Zhù Ying thought it through. Twenty-five strings — a price hike. Twenty-five strings was enough for her whole family to live in the capital for a full year — eating well, dressed warmly, with the occasional egg and bit of meat, and enough for her father to have a small drink from time to time. Even if she genuinely got out, twenty-five strings was nearly all her family’s savings — with just a little left over, but not enough to afford to fall sick, and not enough to buy heating coal this winter.

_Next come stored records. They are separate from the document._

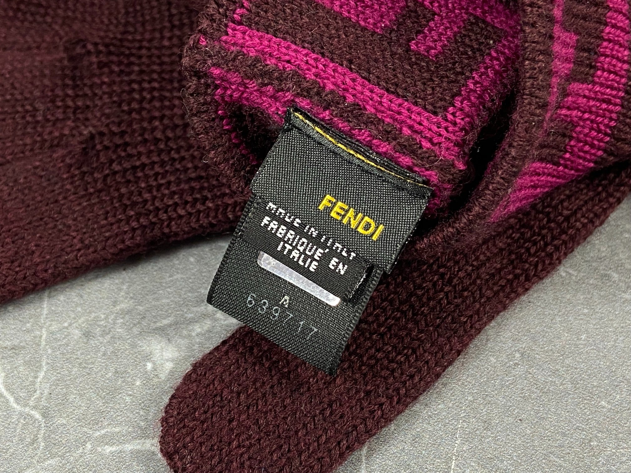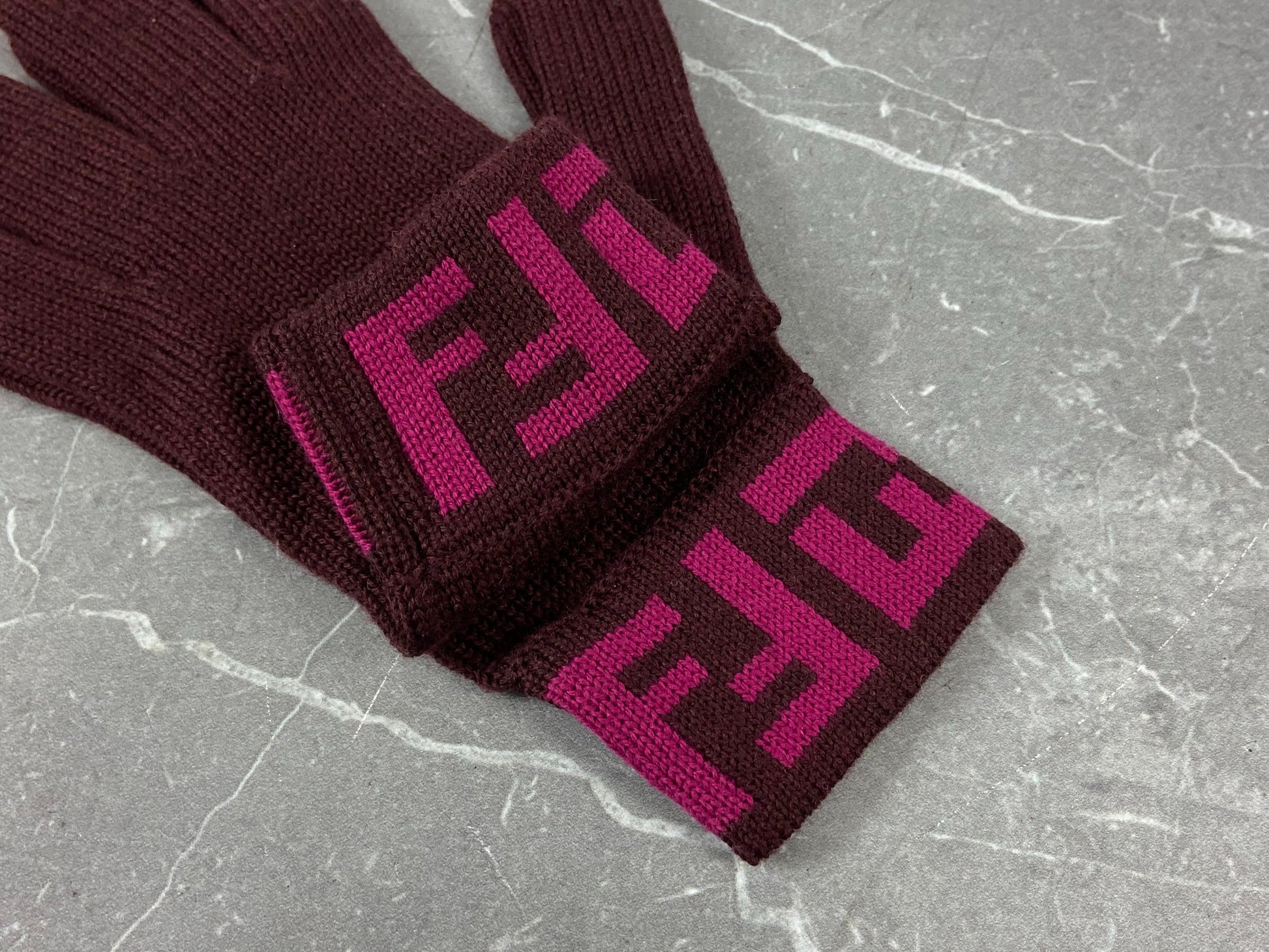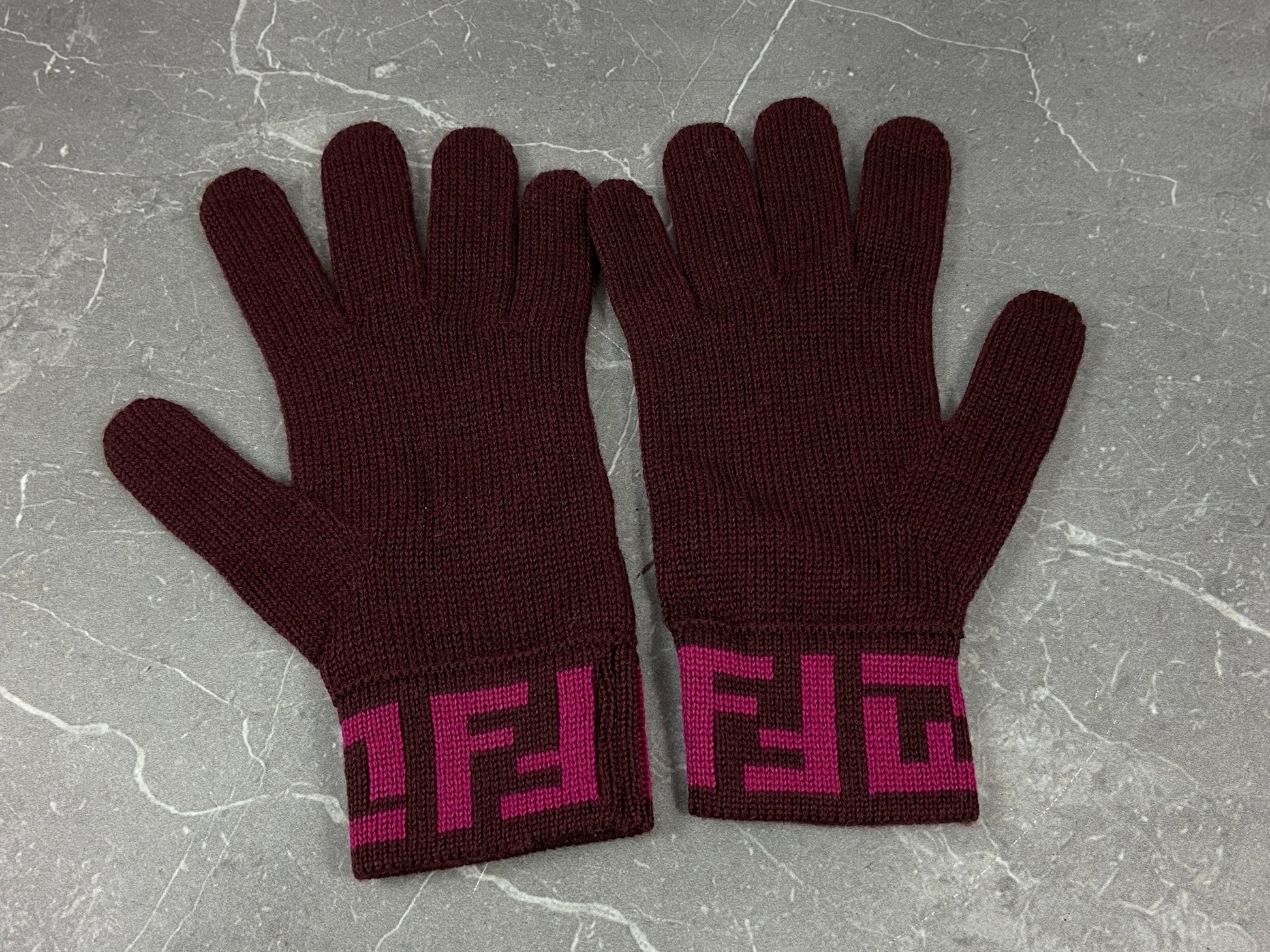 - Fendi Zucca Wool Gloves Dark Red / Pink
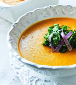 Once you’ve got the squash baked, this soup comes together quickly. The mellow flavors of squash, kale, and red onions synergize delectably and look gorgeous together as well.
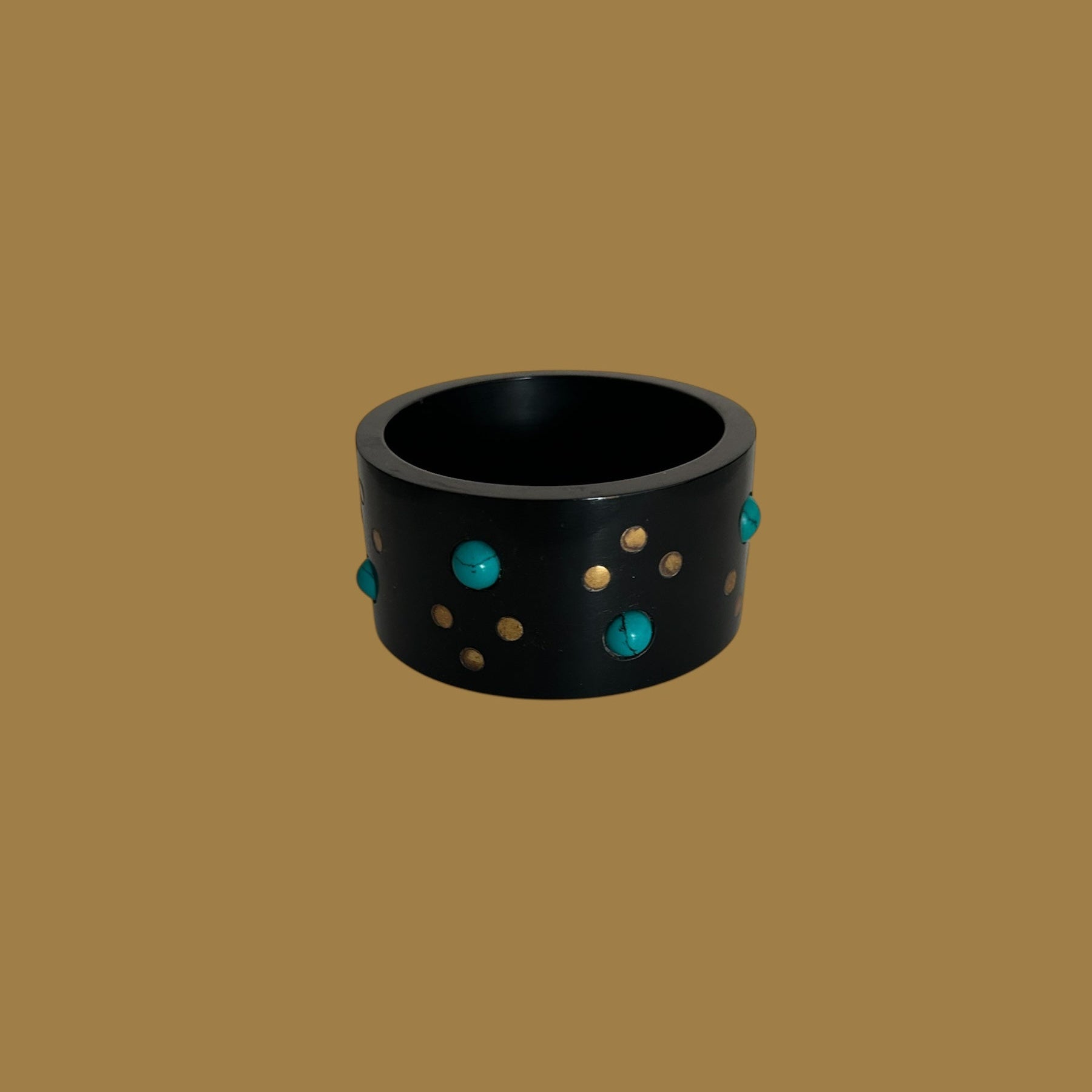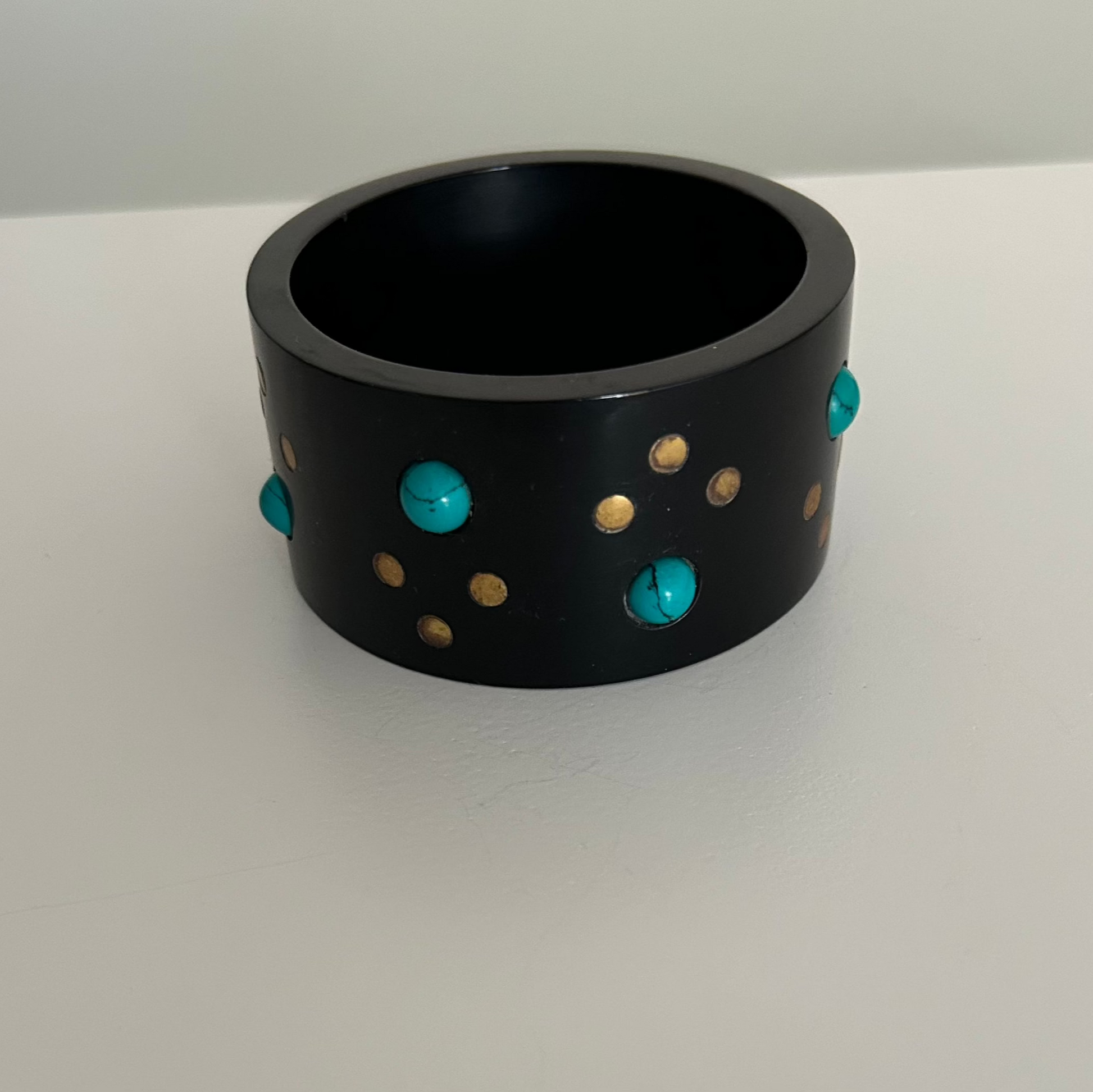 Pulseira Bracelete Indiano Madeira Com Turquesa e Dourado
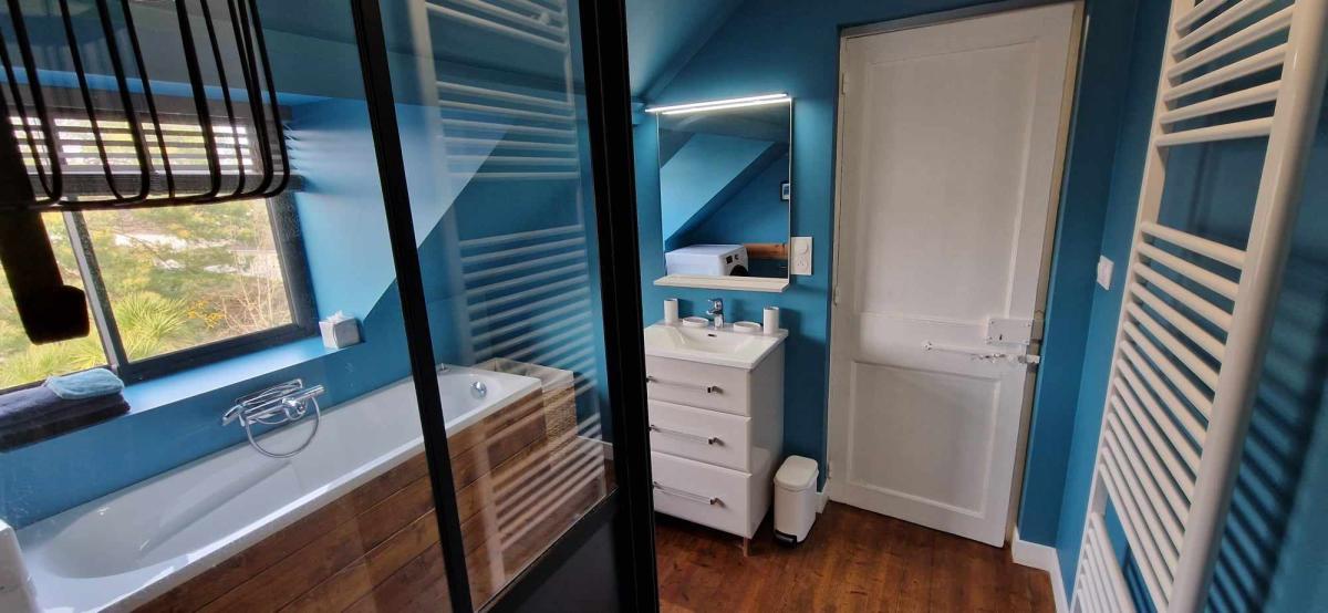 Au rez-de-chaussée : entrée, cuisine aménagée et équipée, salle à manger, salon avec coin bureau et placards, une verrière.
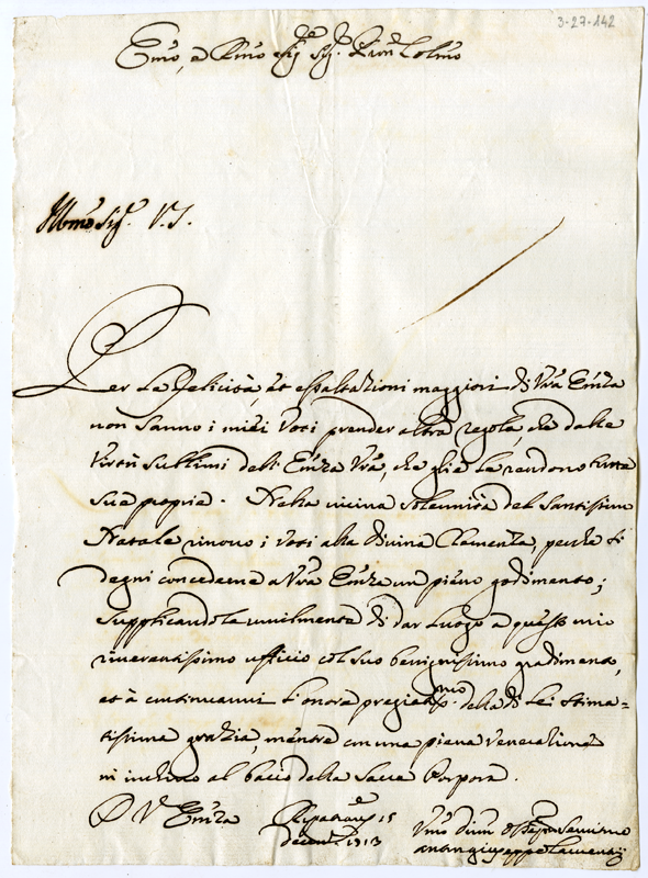 Lettera di Anton Giuseppe Laurentii al cardinale Annibale Albani (1723 dicembre 15)
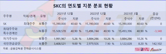 국민연금공단은 2023년 1분기 SKC 주식을 매입해 지분을 높였습니다.
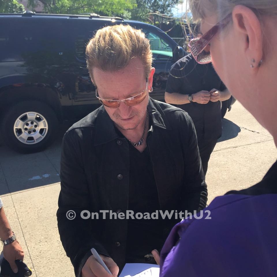 Maybe about 15 minutes later, Bono arrived. There were even more people now, and Bono started at the opposite end of the line where the people had just arrived. Unlike my encounter with Larry, I remember every detail of my time with Bono – because I am much calmer with Bono. When Bono arrived in front of me I showed him my book and told him, “This is the book I wrote about all the U2 shows I’ve been to over the years.” And Bono said, “Really?” with an impressed, surprised sort of tone. I then said, “I gave a copy to Larry because you know I like that cold stare.” Bono said, “I do too” and his eyes lit up and looked at me with a little smirk as if saying to himself, “This girl is quoting me to me.” And I was. (I was referring to my conversation with Bono in 2011 on 360 in Seattle when I asked him if Larry was ever going to come out to greet the fans, and Bono said, “You like that cold stare don’t you?” – click here to see that video). After Bono autographed my book, I pointed to my “Larry Mullen Band” shirt and said, “You remember me … from Seattle?” Bono said, ” Oh YEAH I remember YOU!” I’m not sure if he did or was just playing along, but it was a great moment either way. I then thanked Brian (Bono’s security guard) for Pittsburgh (Larry hugging me on his way to the stage), and asked him if he remembered me. He said, “You’re welcome. Yes I remember.” Again, who knows if he did, but I’ve wanted to thank him for that magical moment because it was all due to Brian. (You can read about that here.) I have met and spoken with Bono a handful of times over the years, but this was only the second autograph I have gotten from him. The first time I met Bono was back in 1992 on ZooTv. I got my picture with him and his autograph – he signed my Outside It’s America book.
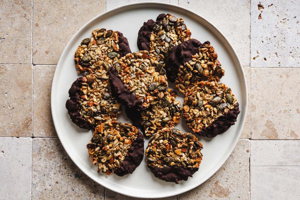 Sobald die Schokolade im Wasserbad geschmolzen ist, können die kurz abgekühlten Nussplätzchen hineingedippt werden. Das Trocknen dauert dann gerade fünf bis zehn Minuten. Wenn du es also darauf anlegst, ist die gesündere, leckere und hübsche Adventsnascherei bereits nach etwa dreißig Minuten fertig.
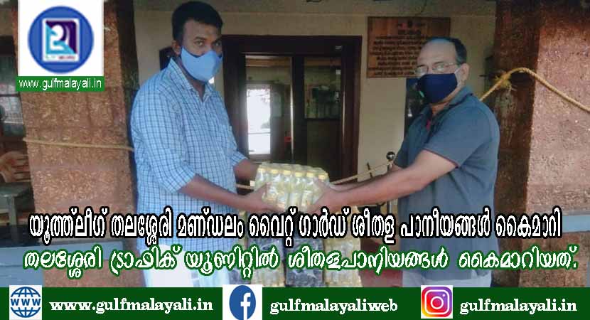 തലശ്ശേരി: യൂത്ത്ലീഗ് തലശ്ശേരി മണ്ഡലം വൈറ്റ് ഗാര്ഡിന്റെ നേതൃത്വത്തില് തലശ്ശേരി ട്രാഫിക് യൂണിറ്റില് ശീതളപാനിയങ്ങള് കൈമാറി. ട്രാഫിക് എ.എസ്.ഐ ഹരികൃഷ്ണന് കെ.ടി.കെ യെ തലശ്ശേരി മണ്ഡലം യൂത്ത്ലീഗ് ജനറല് സെക്രട്ടറി തഫ്ലീം മാണിയാട്ടാണ് ശീതളപാനിയങ്ങള് ഏല്പിച്ചത്.
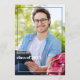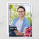 Una carta de invitación a los graduados, única y de moda, enmarcada con un elegante patrón de invitación azul oscuro y blanco. Con espacio para el personalizar o personalización con una foto, el nombre del graduado, el año de graduación de clase, la escuela secundaria, el futuro nombre de la universidad o universidad, e información sobre eventos de fiestas de celebración. Que la familia, amigos y vecinos sepan que hay un feliz graduado listo para conquistar el mundo, ¡e inviten a todos a venir a celebrar el feliz evento contigo!
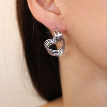 Ασημένια σκουλαρίκια επιπλατινωμένα με πολλαπλά κρικάκια σε σχήμα καρδιάς, που καταλήγουν σε καρφωτό κούμπωμα.
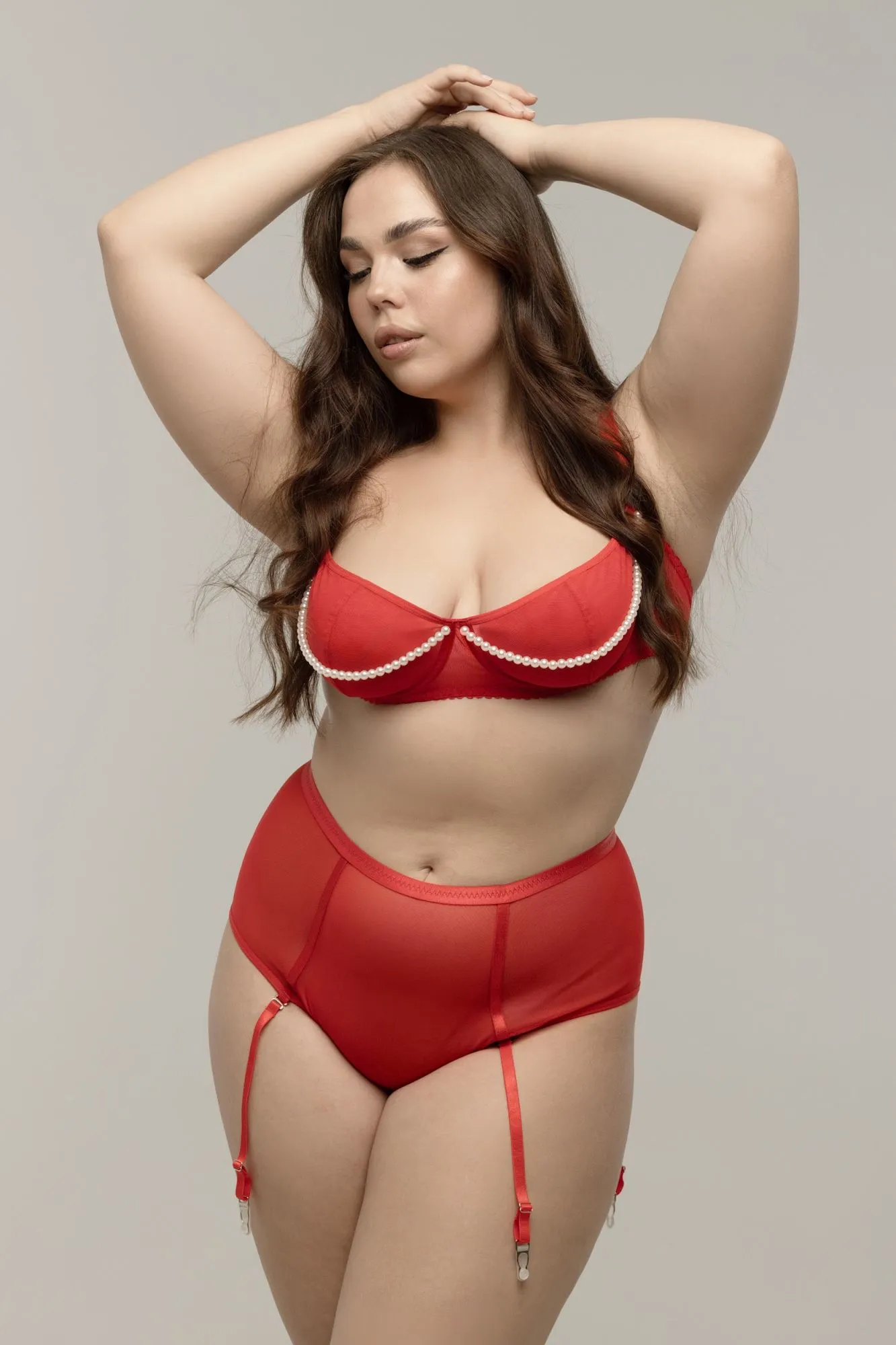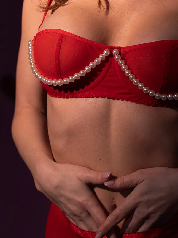 Бюстгальтер Lapin Rose Pearl - красный роскошный предмет нижнего белья, украшен нитями жемчужных бусин. Крой бюстгальтера выгодно подчёркивает округлость груди, соблазнительно приоткрывая её верхнюю часть.

“I have no money,” she said.
Uncle Wen exchanged two sentences with her, some of his doubt already easing; he asked: “Nothing at home either?”
Zhù Ying smiled slightly, said nothing, and resumed weaving her grass mat. This attitude left Uncle Wen genuinely uncertain. What kind of young person was this?
An honest, law-abiding commoner? Who on earth stayed this calm in a main prison cell?
A swindler? A pickpocket? A thief? None of these fit — there were no traces of it in the mannerisms.
A student? A student would have started crying his innocence long ago!
A wealthy young master? What wealthy young master was like this? Who could do manual work? Who would take a beating? Who would handle a corpse?! Who would sleep beside the chamber pot?! The chamber pot in this jail only got emptied out when it was nearly full — the stench was unbearable to normal people. What wealthy young master could endure that?
He tried probing: “You actually seem comfortable here?”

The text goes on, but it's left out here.